I wish we could have a strategy and framework, which noble Lords with huge expertise are calling for, but I do not think it will be like that. The pace of change of events is enormous, and we have to, at best, try to fit in with the hard cop, soft cop pattern. We need to be hard cop.
We listened to the noble Lord, Lord Alton, with his ceaseless and superb indications of the nasty, illiberal side of China, and what it is doing to people in thuggish ways—there was a little demonstration of that in Manchester last week, which I thought was very interesting. These are Chinese thugs at work; we know that this is a streak in the Chinese character. We have to listen to Xi claiming his endless term of office and talking, frankly, ideological rubbish about how we must go back to Marx and Leninism. He has issued his own absurd “Little Red Book”. The Chinese are not fools; I do not know how they will tolerate that sort of thing, but I do not think that it will last.

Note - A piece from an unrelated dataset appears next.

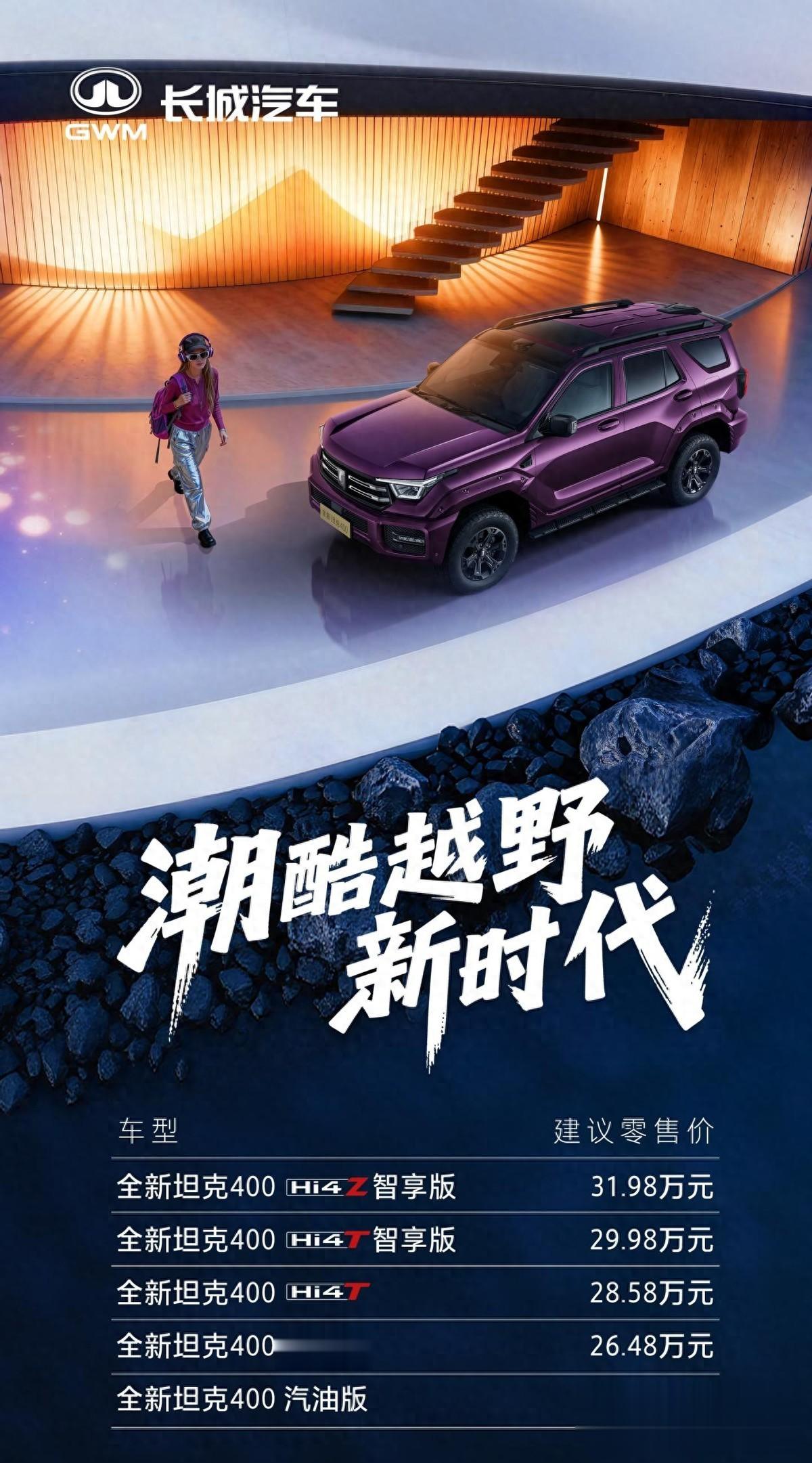 全新坦克400 Hi4-Z智享版,售价31.98万元;全新坦克400 Hi4-T智享版,售价29.98万元;全新坦克400 Hi4-T,售价28.58万元;全新坦克400 柴油版,售价26.48万元;全新坦克400 汽油版,售价24.98万元。即刻下单可享多重尊崇权益,坦克以满满诚意为年轻用户体验潮酷越野带来惊喜购车优惠。

We have to be the hard cop there, but we also have to be the soft cop, because China is a world leader in technology, it is a decisive part of the world economy—I understand that China is the second-largest source of imports to this country—and it is embedded in our nuclear power, as I said earlier, and indeed in many other aspects of our infrastructure, partly as a result of being perhaps overencouraged 10 years ago. As noble Lords have rightly said, the world has changed radically. We now have to look at China with the scales dropped from our eyes and realise that we have to deal with it—while holding our noses—but that it is also, potentially, an increasingly dangerous threat to the order of a democratic, free world.